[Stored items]
━━━━━━━━━━━━━━━━━━━━━━━━━━━━━━
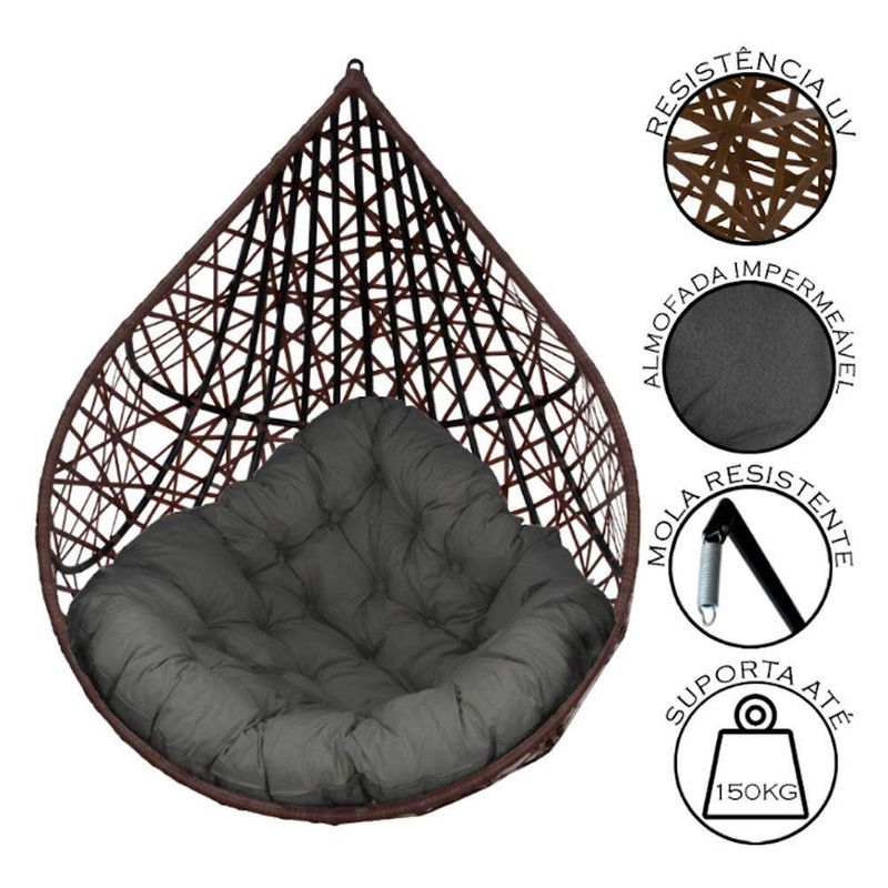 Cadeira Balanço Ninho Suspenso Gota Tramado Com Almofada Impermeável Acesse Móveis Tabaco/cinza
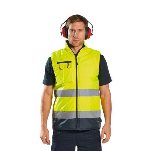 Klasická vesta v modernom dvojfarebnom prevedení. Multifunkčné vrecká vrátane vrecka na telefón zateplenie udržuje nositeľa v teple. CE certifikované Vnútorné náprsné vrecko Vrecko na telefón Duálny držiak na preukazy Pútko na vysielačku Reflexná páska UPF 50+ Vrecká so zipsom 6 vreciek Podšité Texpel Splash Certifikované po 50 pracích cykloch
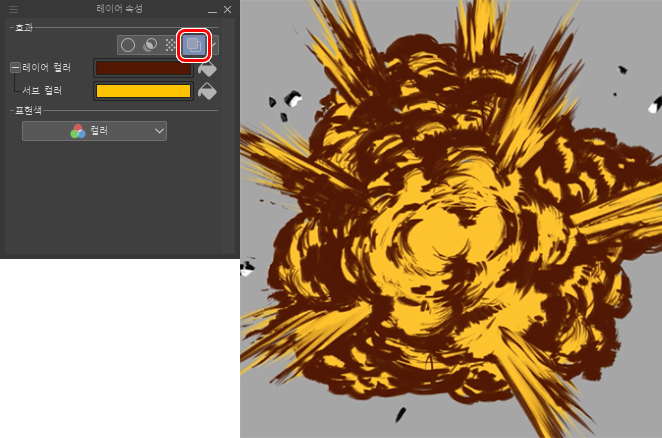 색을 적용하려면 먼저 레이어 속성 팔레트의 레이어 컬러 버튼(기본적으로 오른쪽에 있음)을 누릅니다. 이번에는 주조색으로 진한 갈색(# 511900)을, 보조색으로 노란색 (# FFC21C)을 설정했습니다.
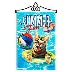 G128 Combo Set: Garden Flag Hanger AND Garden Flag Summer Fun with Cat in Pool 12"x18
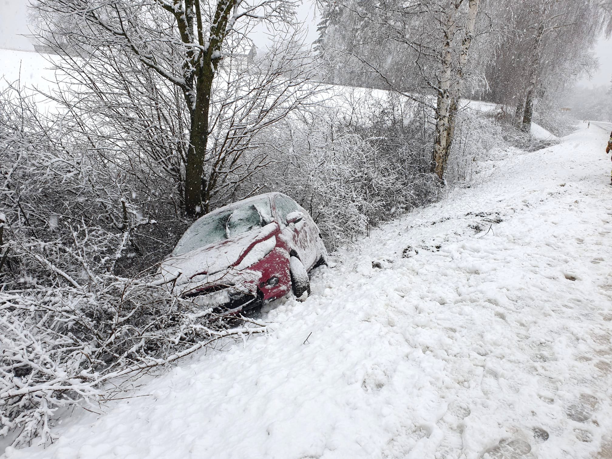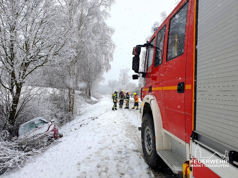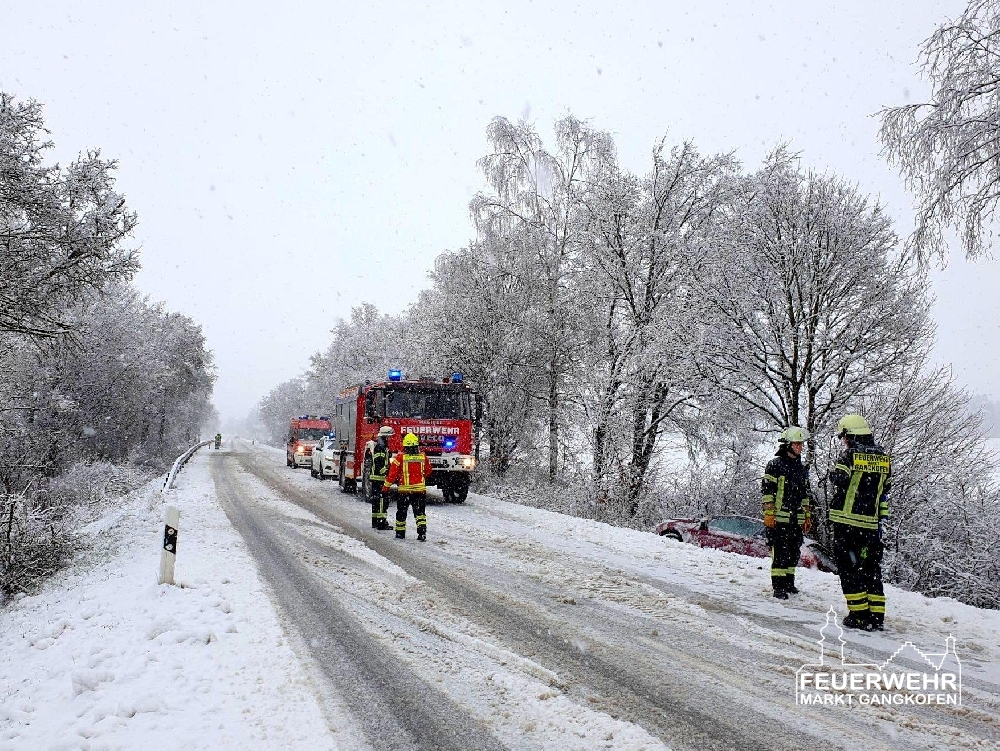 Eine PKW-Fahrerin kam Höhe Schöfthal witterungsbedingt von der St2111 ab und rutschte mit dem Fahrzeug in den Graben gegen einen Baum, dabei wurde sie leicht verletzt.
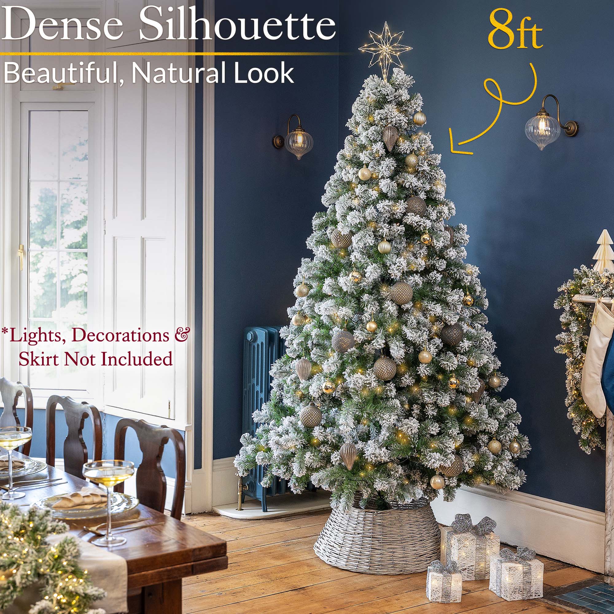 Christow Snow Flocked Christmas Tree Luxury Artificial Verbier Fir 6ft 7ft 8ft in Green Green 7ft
━━━━━━━━━━━━━━━━━━━━━━━━━━━━━━
Give the data again exactly. Keep the images out.

 Cadeira Balanço Ninho Suspenso Gota Tramado Com Almofada Impermeável Acesse Móveis Tabaco/cinza
 Klasická vesta v modernom dvojfarebnom prevedení. Multifunkčné vrecká vrátane vrecka na telefón zateplenie udržuje nositeľa v teple. CE certifikované Vnútorné náprsné vrecko Vrecko na telefón Duálny držiak na preukazy Pútko na vysielačku Reflexná páska UPF 50+ Vrecká so zipsom 6 vreciek Podšité Texpel Splash Certifikované po 50 pracích cykloch
 색을 적용하려면 먼저 레이어 속성 팔레트의 레이어 컬러 버튼(기본적으로 오른쪽에 있음)을 누릅니다. 이번에는 주조색으로 진한 갈색(# 511900)을, 보조색으로 노란색 (# FFC21C)을 설정했습니다.
 G128 Combo Set: Garden Flag Hanger AND Garden Flag Summer Fun with Cat in Pool 12"x18
 Eine PKW-Fahrerin kam Höhe Schöfthal witterungsbedingt von der St2111 ab und rutschte mit dem Fahrzeug in den Graben gegen einen Baum, dabei wurde sie leicht verletzt.
 Christow Snow Flocked Christmas Tree Luxury Artificial Verbier Fir 6ft 7ft 8ft in Green Green 7ft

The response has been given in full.